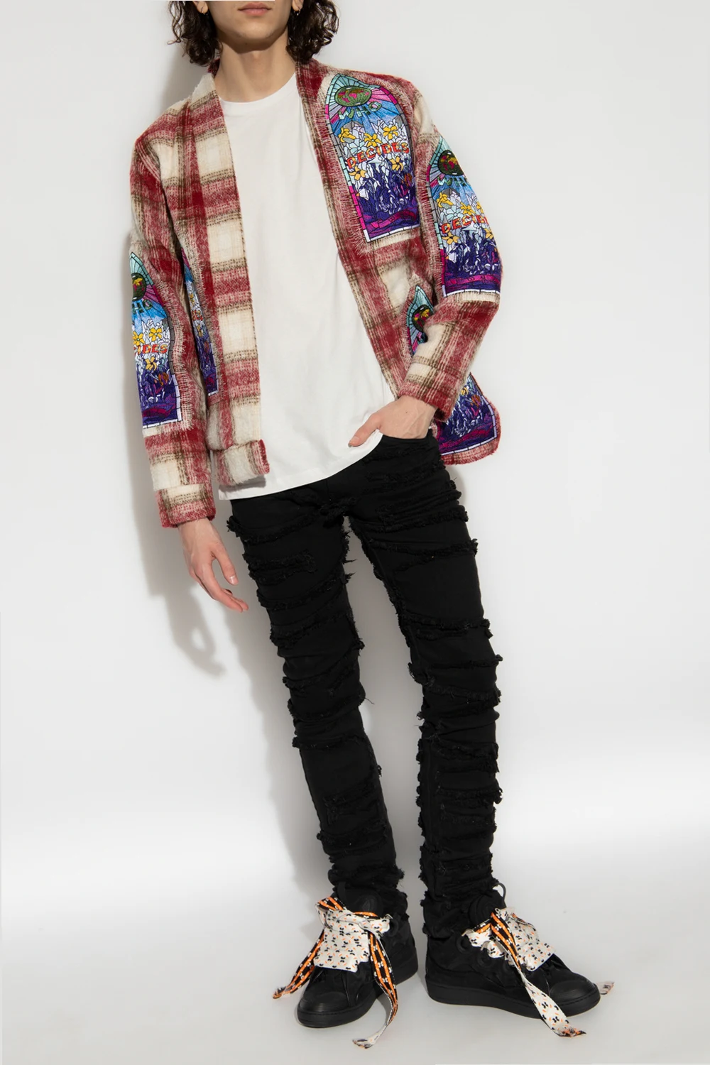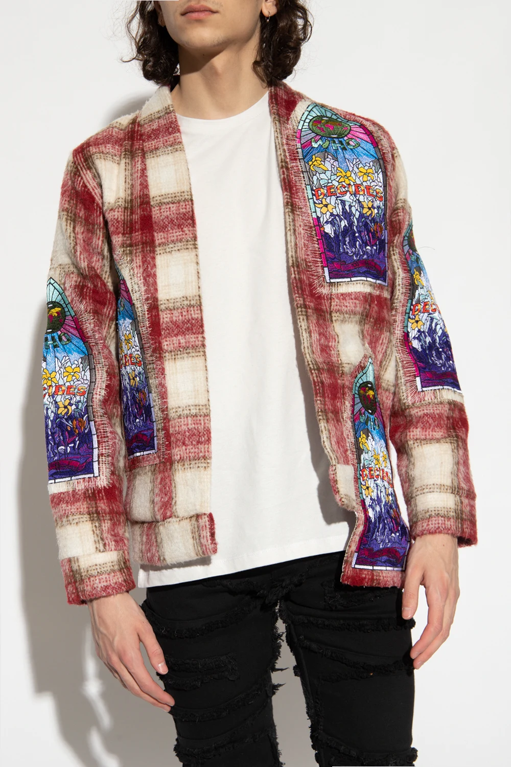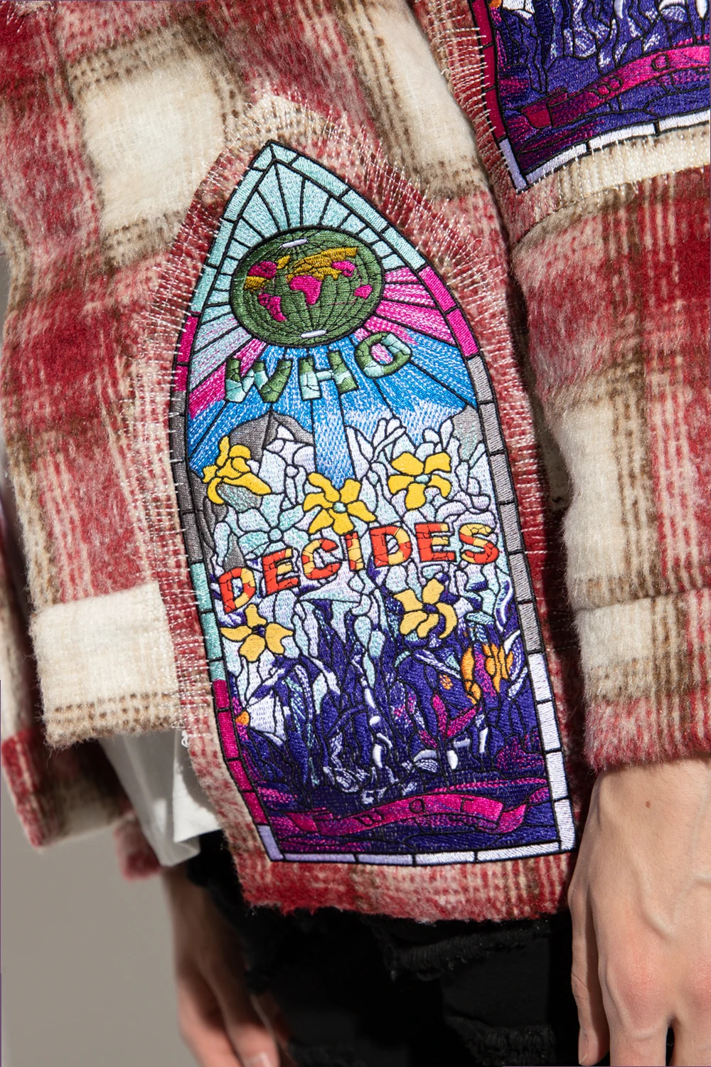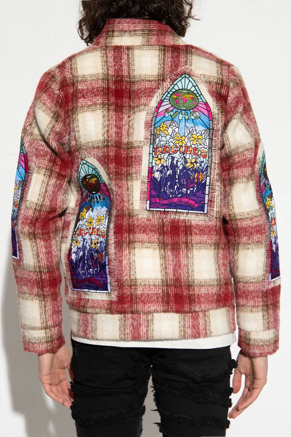Multicolored jacket from Who Decides War. Decorated with a check pattern and stained glass motif, this long sleeve design has two slip pockets and ribbed trims at the hem and cuffs.
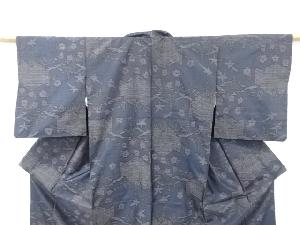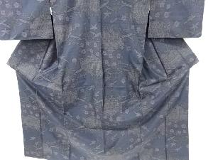 流水に梅・笹模様織り出し本場泥大島紬着物
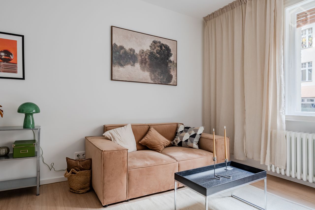 This beautifully renovated and fully furnished 2-room apartment (44 sqm) offers modern living comfort in a central Berlin location. The apartment is rented fully furnished with all utilities included. The bright living room (over 20 sqm) features a comfortable seating area, TV, and dining/workspace. The separate bedroom (approx. 10 sqm) is furnished with a cozy bed and storage space, providing a quiet and relaxing atmosphere. The modern kitchen is fully equipped for daily use. The newly design...
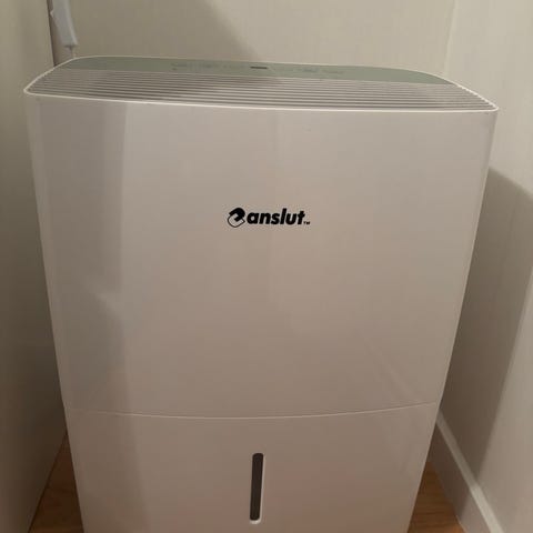 Woody Luftavfuktare i vit färg. En apparat för att minska luftfuktighet i inomhusmiljöer. Utrustad med kontrollpanel för inställningar och funktioner.
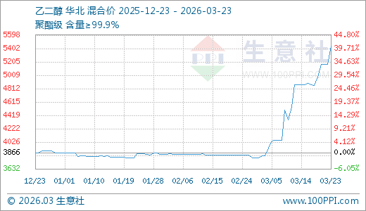 据生意社监测,乙二醇03月23日最新价格5435.00元/吨,最近5天上涨11.79%,20天上涨41.97%,60天上涨43.15%。
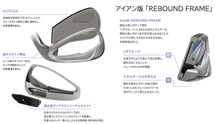 また、アイアン版 「REBOUND FRAME(リバウンドフレーム)」が大きなたわみを生み出し初速性能が向上しました。
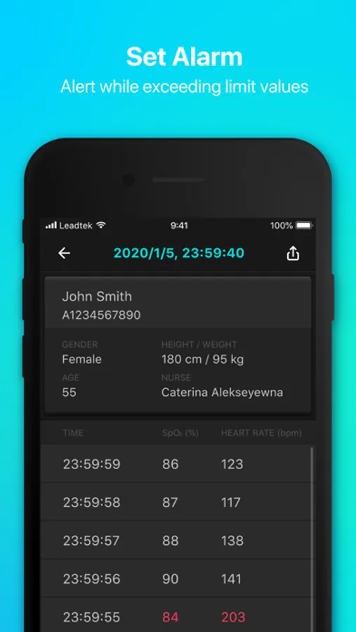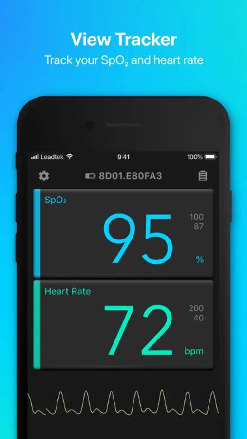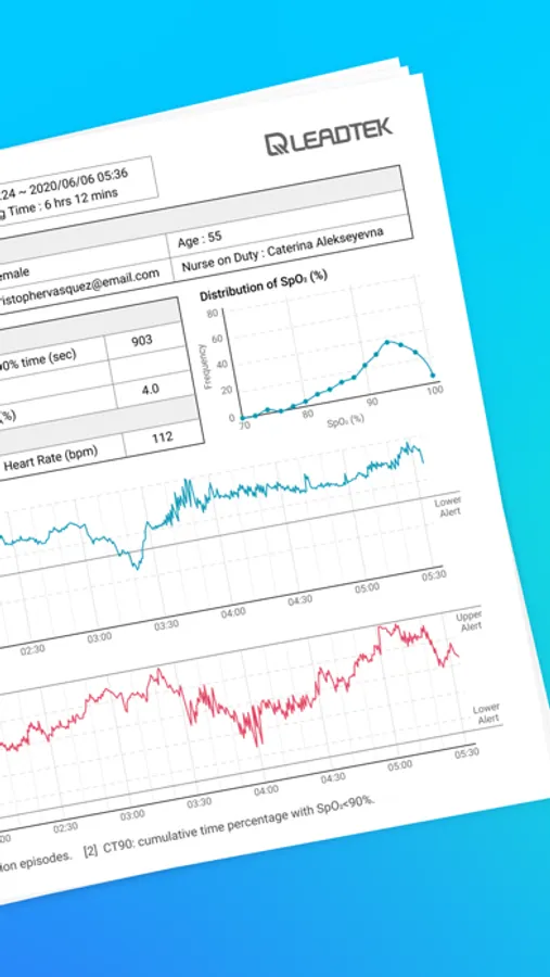 User wear Leadtek’s bluetooth fingertip pulse oximeter, pairing with ViewTracker App. It will keep recording SpO2 and pulse rate while sleeping.
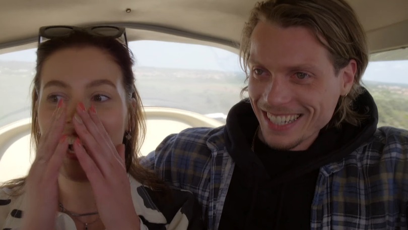 Ze vertrekken samen voor een spannende, maar romantische date vol adrenaline én liefde in een klein vliegtuigje, gevolgd door een lunch op het vliegveld zelf. En daar spatten de vonken er gelijk behoorlijk van af. Van arm in arm in het vliegtuig, tot hand-in-hand aan het eettafeltje. En.. er wordt zelfs stiekem (een klein beetje) gekust!
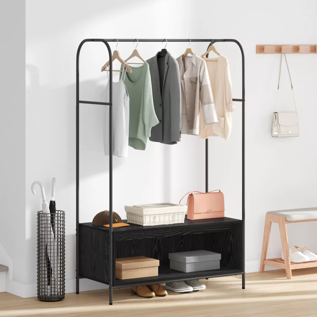 Ez a ruhatartó stílusos és praktikus, elegáns fekete felülettel, tökéletes bármilyen hálószobához vagy gardróbszobához. Erős fém váza és természetes fa polcai stabil tárolást biztosítanak mindenféle ruhának. A modern megjelenés feldobja a teret. Bőséges tároló: Ez a ruhatartó rengeteg helyet ad a ruháid rendezett tárolására. A beépített polc extra helyet biztosít a cipőknek, táskáknak vagy más apróságoknak, ezáltal rugalmas megoldást kínál. Robusztus felépítés: Kiváló minőségű fém és fa felhasználásával készült, ez a polc tartós, rozsdamentes, és hosszú távú használatra tervezett. Szilárd dizájnja bármilyen ruhát könnyedén elbír. Modern dizájn: A trendi fekete felület illik bármilyen dekorációhoz, feldobva a szobád hangulatát. Könnyű összeszerelés: Az összeszerelése gyerekjáték, és csak egy csavarhúzóra és két emberre van szükséged. A dizájn felhasználóbarát, ezért bárki gyorsan élvezheti anélkül, hogy bonyodalmakba ütközne.
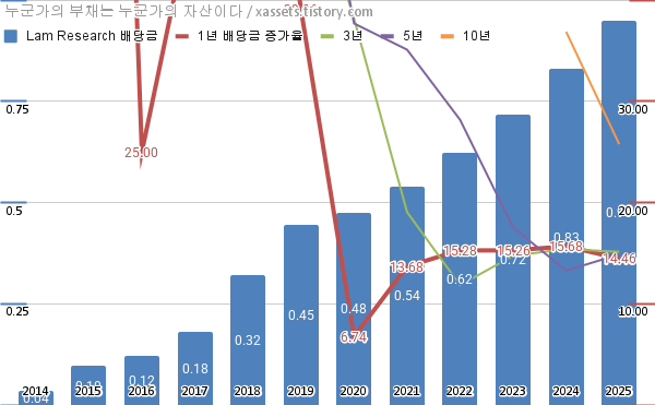 램리서치 배당금 및 배당성장률 차트 (2014년~2025년)
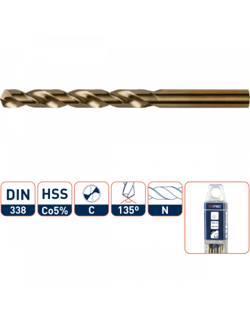 HSS-E Spiraalboor DIN 338, kort, type N, geslepen uitvoering, cobalt gelegeerd, goudkleurig, tophoek 135°, met splitpoint / kruisaanslijping (DIN 1412-C).
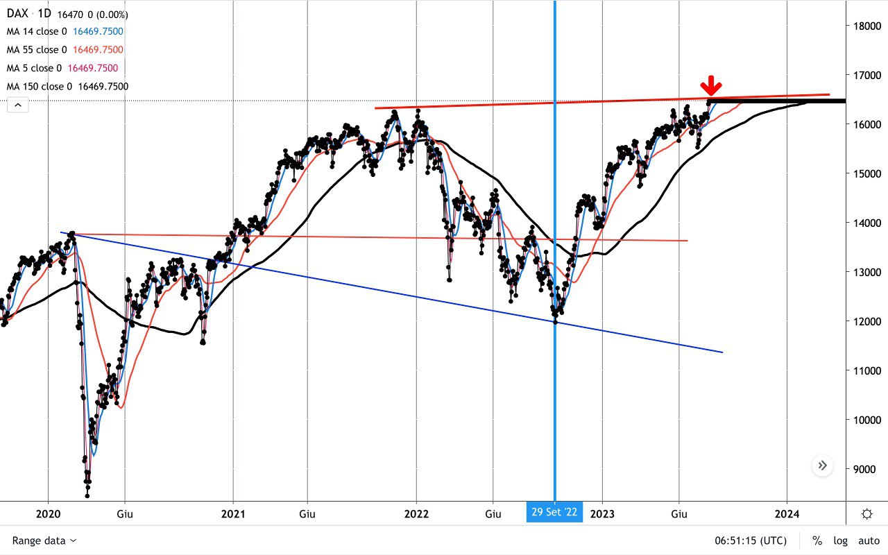 Vi mostro ora un interessante GRAFICO SETTIMANALE sull’INDICE DAX tedesco…
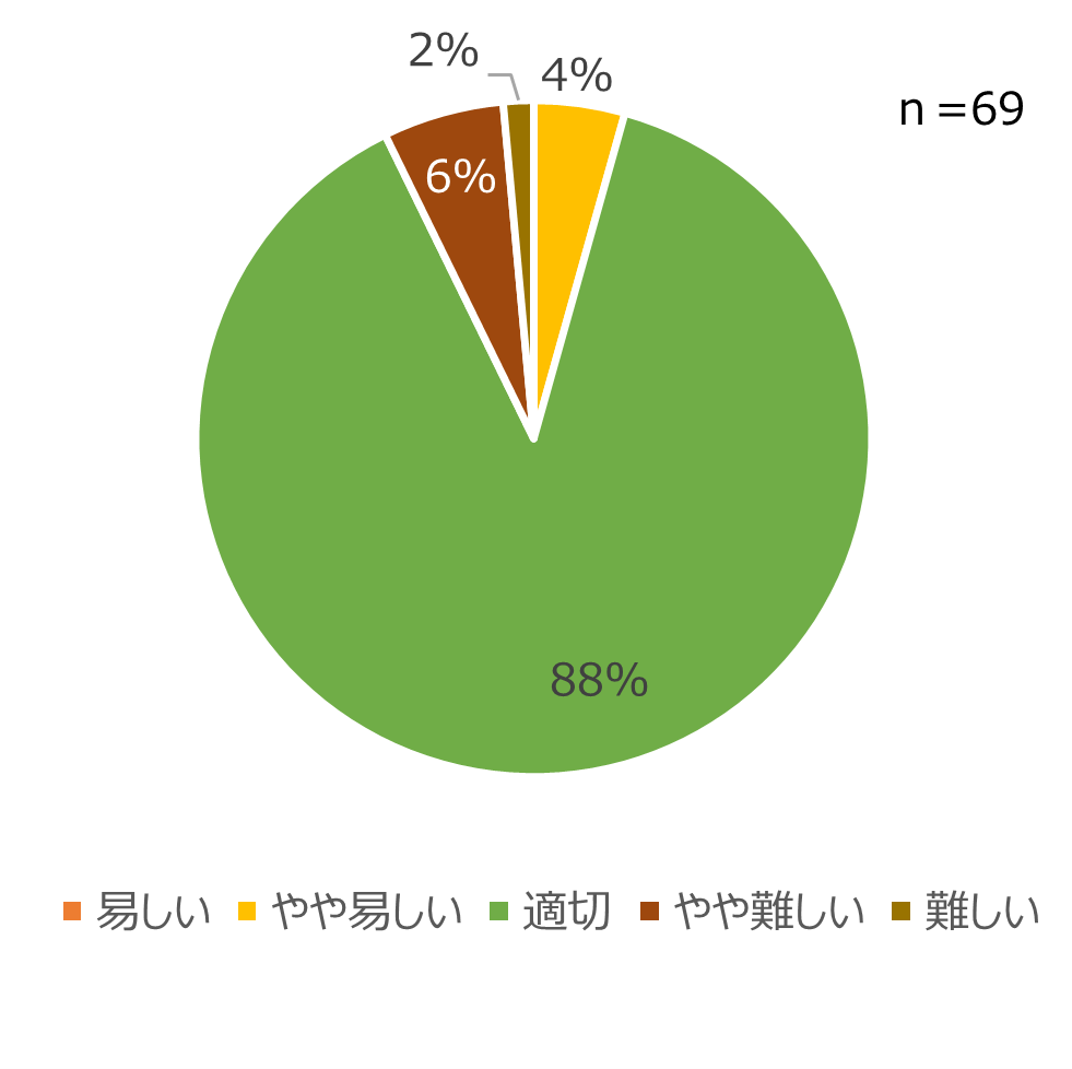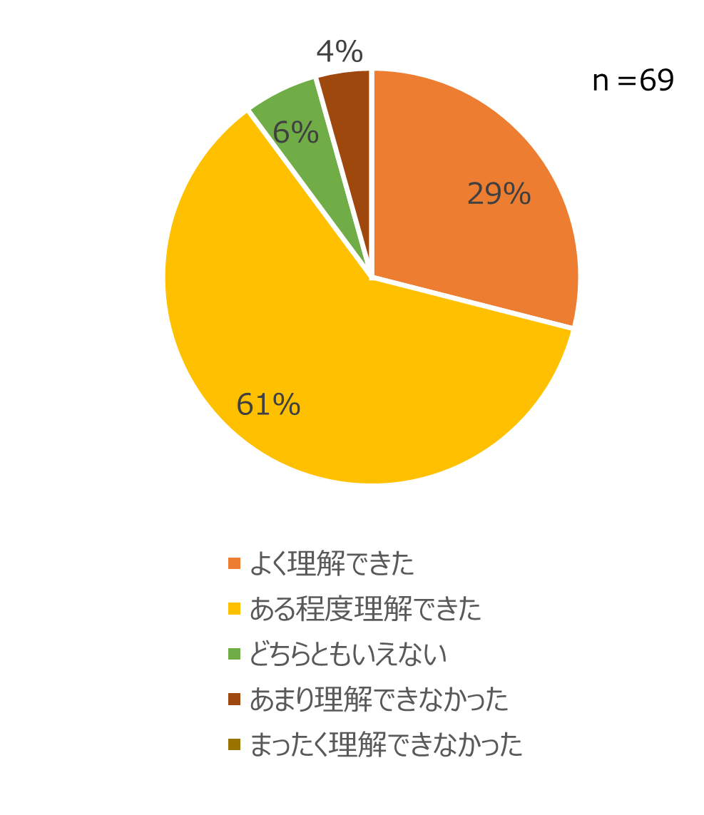 アンケートでは研修全体を通しての満足度をお聞きしましたが、「たいへん満足」「満足」との回答が合わせて83%、「どちらかと言えば満足」との回答が17%と、おおむね高い評価をいただきました。一方、今回の研修の課題や改善点ついても具体的なご指摘をいただきました。
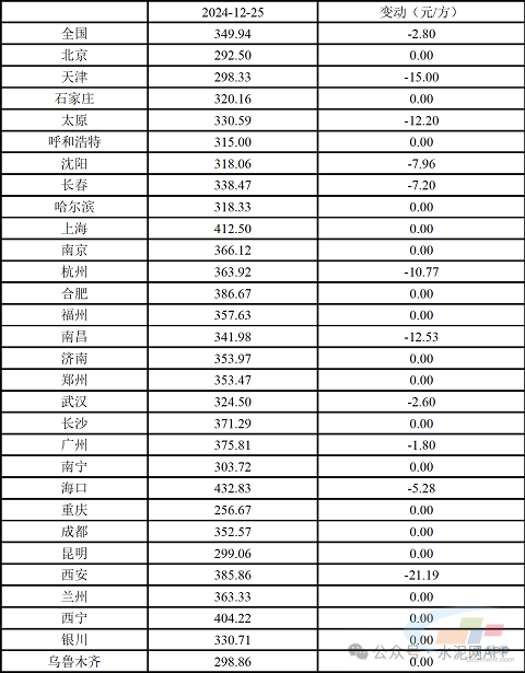 表:全國(guó)29個(gè)省會(huì)城市C30混凝土價(jià)格及變動(dòng)表
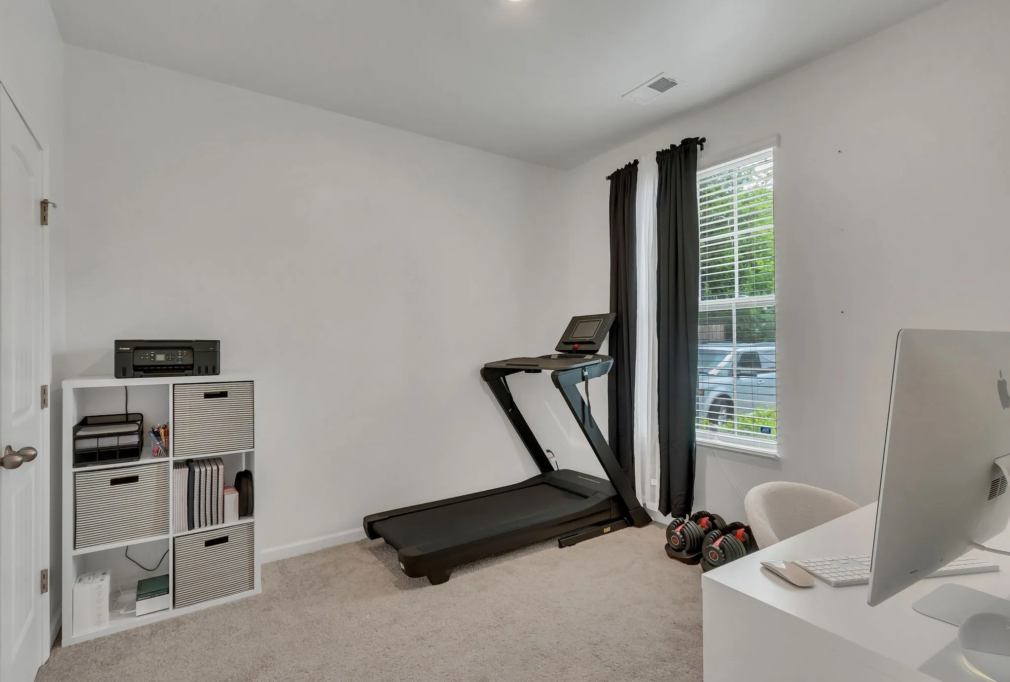 One bedroom is conveniently located on the main level alongside a powder bath—perfect for guests or a home office setup. The kitchen features granite countertops, a tiled backsplash, and modern fixtures, opening to a spacious living area and private covered patio. All appliances to stay. Upstairs, you’ll find two additional bedrooms, including a generously sized primary suite with dual closets and an en-suite bath. A second full bathroom provides flexibility for family or guests.

THE PROBLEM
Up to and including the line that contains "流水に梅・笹模様織り出し本場泥大島紬着物", print the records above exactly from their first line, without any pictures.

ANSWER BOX
Multicolored jacket from Who Decides War. Decorated with a check pattern and stained glass motif, this long sleeve design has two slip pockets and ribbed trims at the hem and cuffs.
 流水に梅・笹模様織り出し本場泥大島紬着物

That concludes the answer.